Monday, June 6, 2022

Quarter Hour of Writing Challenge: Curses

As explained here. Hit the button, get a prompt, spend 15 minutes flailing wildly at a keyboard.

While curses are common across folklore, modern eigentechnology has turned them into something almost unrecognizable, in the same way a surgical robot has few similarities to trepanation with a rock.

Curses are organized using a few tags:

1. Auditory/Visual/Esoteric: describes the way the curse is cast. Auditory and Visual are both self-explanatory, and Esoteric can range from using other senses (such as touch, or smell) to requiring particular stimulus such as emotional states.

2. "Pronounceability": since the first curses (since recorded as #101a and #105b) were both auditory, the incorrect term "pronounceability" is still used in research into curses. "Pronounceable" curses can be memorized and set up by human agents - Auditory Pronounceable curses being, literally, able to be said by a person, while Visual Pronounceable curses can be drawn by hand. Unpronounceable curses require outside tools such as computerized voices, digital screens, or a chorus of multiple people. Esoteric-method curses are usually unpronounceable. 

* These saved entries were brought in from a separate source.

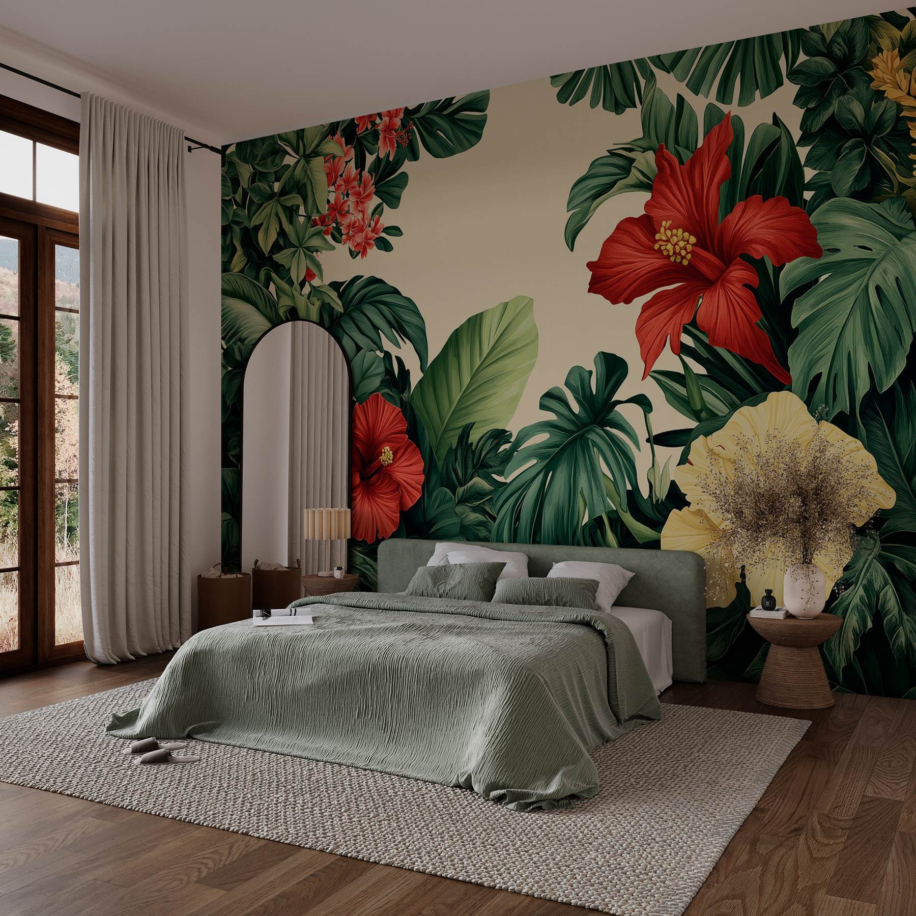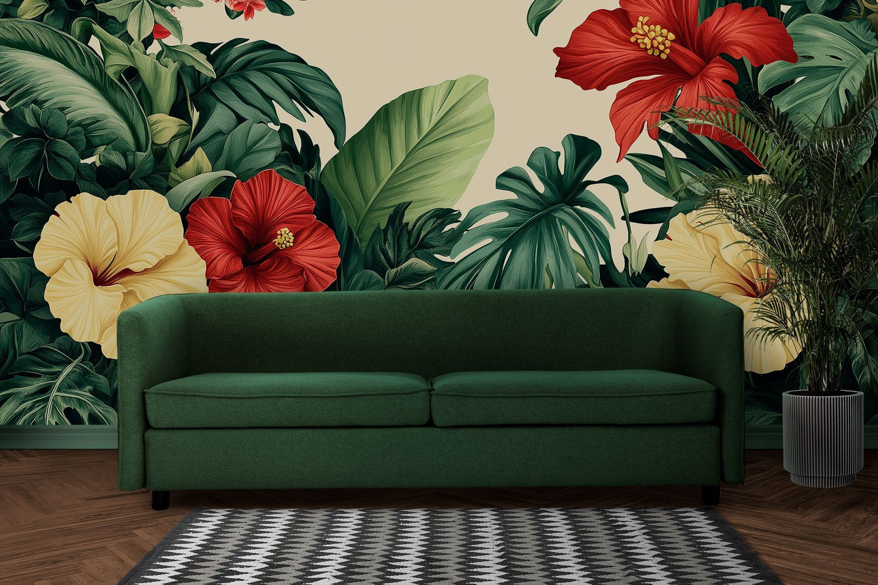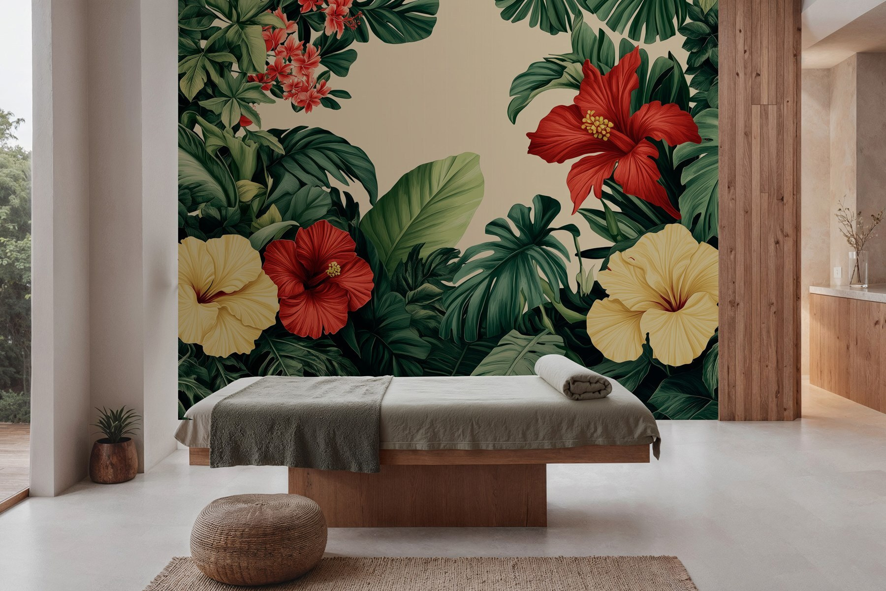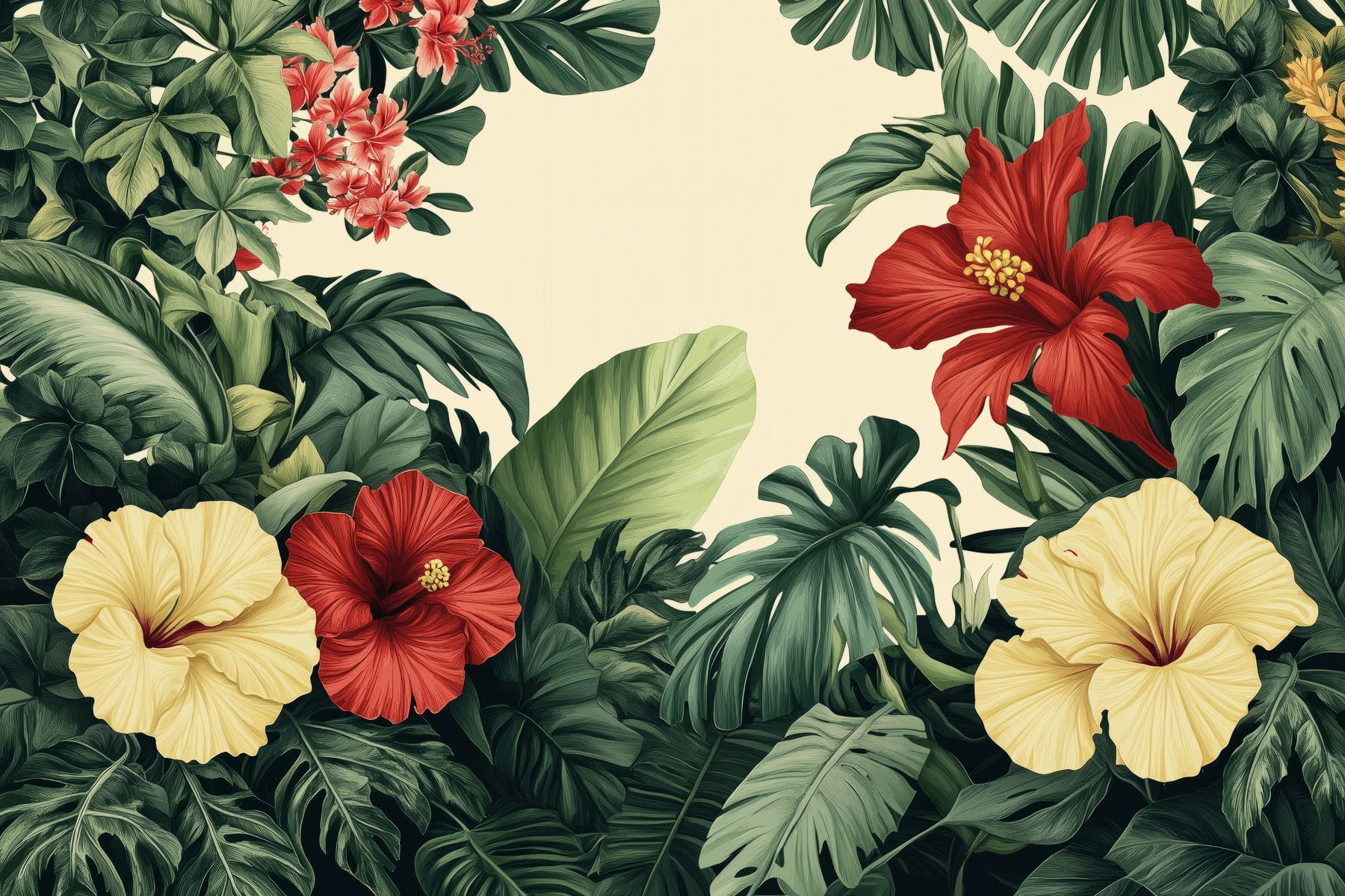 Transformați orice cameră într-un refugiu tropical cu acest tapet uimitor, care prezintă un grup vibrant de flori și frunze luxuriante. Imaginați-vă că intrați în spațiul dvs. și sunteți întâmpinați de flori de hibiscus îndrăznețe și verdeață intensă. Este ca o mini-vacanță chiar la tine acasă! Acest fototapet nu numai că adaugă culoare, ci și un spirit plin de viață, perfect pentru a înveseli sufrageria sau pentru a invita un strop de natură într-un colț confortabil de lectură. Imaginează-ți cum savurezi o băutură în timp ce te bucuri de această frumusețe botanică – fericire pură! Perfect pentru oricine dorește un strop de farmec al naturii fără a fi nevoit să ude nimic.
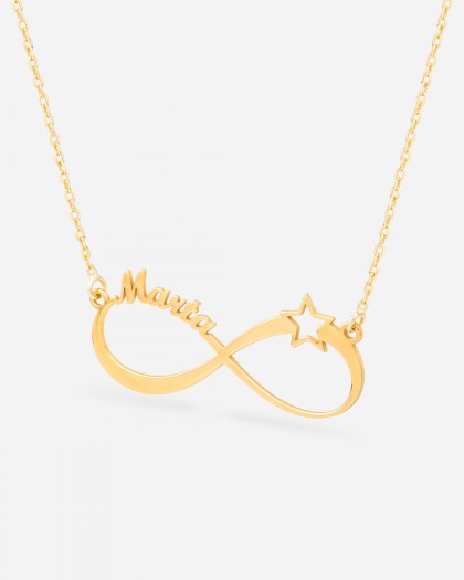 - Este collar personalizado es la perfecta unión de estilo y elegancia. Con un diseño de infinito con estrella, simboliza la conexión eterna y la iluminación. Hecho en Plata de Ley de alta calidad y exquisitamente bañado en oro de 18kt, puedes personalizarlo con hasta tres nombres para crear una joya única y especial. Este collar con nombre es una declaración de refinamiento y distinción.
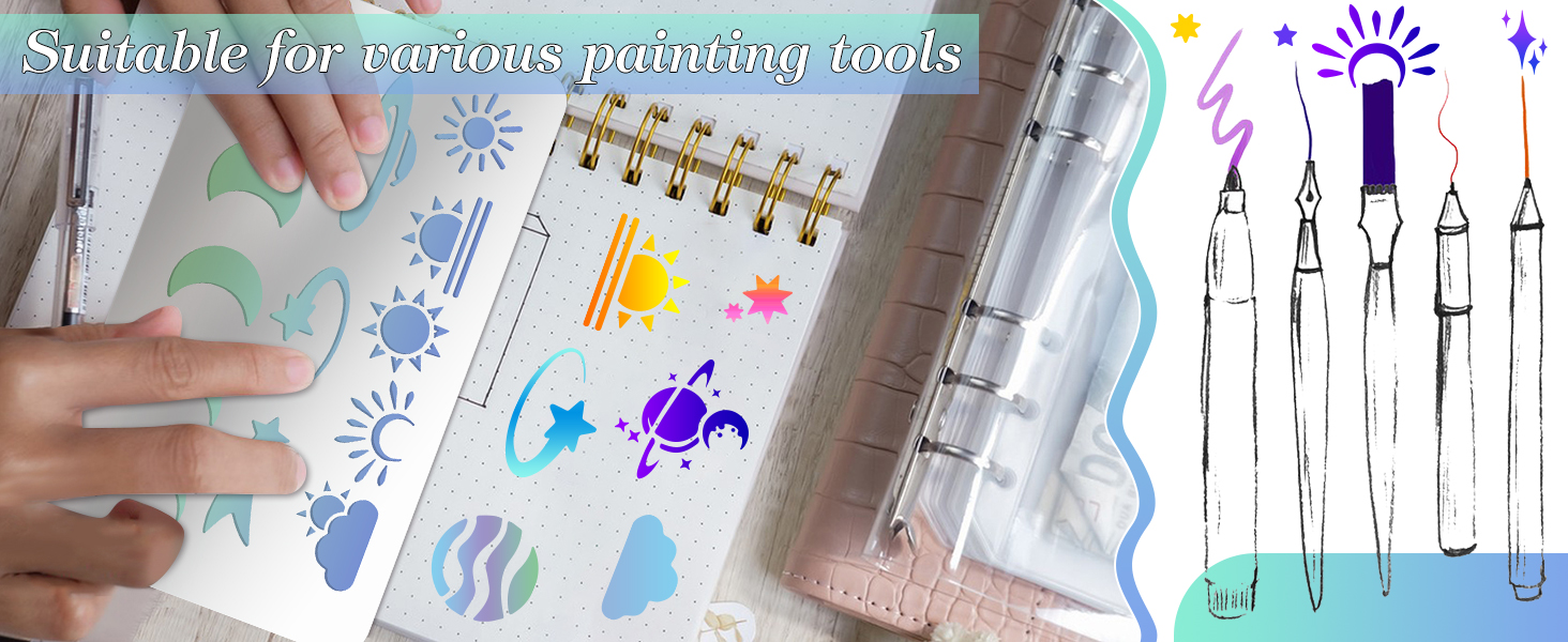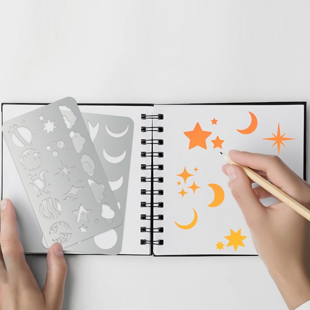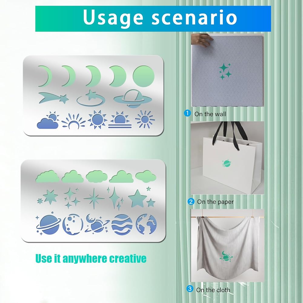 • طلاء مثل الفنان: تتضمن استنسل الحرف المعدنية DIY للرسم القابل لإعادة الاستخدام قطعتين من الاستنسل مقاس 7x4 بوصة، وهناك أنماط مثل المراحل القمرية، والطقس، والسحاب، والنجوم، والفضاء، وما إلى ذلك، والتي تبدو لطيفة جدًا وجميلة، ويمكن مزجها ومطابقتها بحرية لإنشاء مشاريعك الفنية المفضلة.
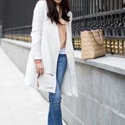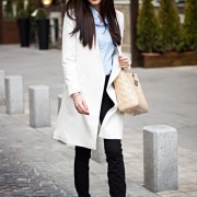 Иако кога ќе залади времето и есента е веќе длабоко пристигната, сите веднаш се фаќаме за темните облеки и обувки, тоа не е правило што го наметнуваат модните трендови. Напротив, многу е подобро да му се спротивставите на тмурното време со посвежи бои, а еден начин да го постигнете тоа е да ја употребите белата како боја за вашиот капут. Белата боја потсеќа на снег и на зима и е некако романтична и ведра кога се носи во овој период од годината.

3. Targeted/Untargeted: targeted curses can be pointed at a single target, while leaving others in range unharmed. Untargeted curses affected everyone exposed to the stimulus.

4. Effect: curses usually have one of a few general effects: Fatal, Polymorphic, Amnestic, and Probabilistic are the most common, though others have been confirmed to exist. It is important to note that the modern term "curse" envelops positive effects - Polymorphic curses may reinforce bones, and Probabilistic curses may make the target unusually fortunate while travelling.

5. Cure: all non-Fatal curses will end after a certain period (often the next dusk or dawn, though these curses are often skipped over by the agencies developing them), and all curses can be reversed or deactivated in some way. Importantly, cures can "time out" - a Polymorphic (Rodent) curse may leave the target transformed permanently if not cured in the first week, for example. Cures for Fatal curses override standard human biology - performing the required actions will bring the target back to life & fully restored, no matter the condition of their body.

Curses may be built to go off in the future, instead of when applied. When creating these kinds of Geases, the cure is the most relevant piece - carefully tuning curses to accept only very specific actions is a rapidly growing job market.

Curse Examples

Curse #4201, Auditory, Pronounceable, Targeted, Fatal (Cardiovascular) made the CIA very happy indeed. A fatal spoken curse that only afflicted certain targets, and was easily pronounced and memorized by human agents, would have been the pinnacle of the hexing arts.

However, it turned out to be contagious. Anyone within earshot who wasn't the target of the curse would not only hear it, but recognize it, knowing both its exact wording, use, and who had spoken it.

This would, depending on the situation, either lead to the assassin immediately being struck by the curse four or five times over, cause a rash of "unexplained heart attacks" as a crowd of people suddenly become armed with a completely concealable and unilaterally lethal weapon, or both. 

Curse #4201 can be cured by injecting the deceased with a serum of mercury, crushed daffodil flowers, and exactly one (1) dead ladybug (family Coccinellidae). The cure times out after 23.75 hours.

Curse #576, Auditory, Unpronounceable, Untargeted, Polymorphic (Rodent) also temporarily showed promise. While a computerized voice was needed to speak its dozens of twisting syllables, and everyone in earshot was affected, it could have easily been used for capture missions - turn the target into a rat, stick them in a bag, and then wait for the curse to time out (as non-lethal curses tend to do).

The problem was that it timed out too quickly - as soon as the curse stopped being spoken, the person would switch back to a human. Since it affected everyone in its radius, it couldn't be played constantly without causing chaos.

Later use in prisons and for riot suppression were both banned on ethical grounds.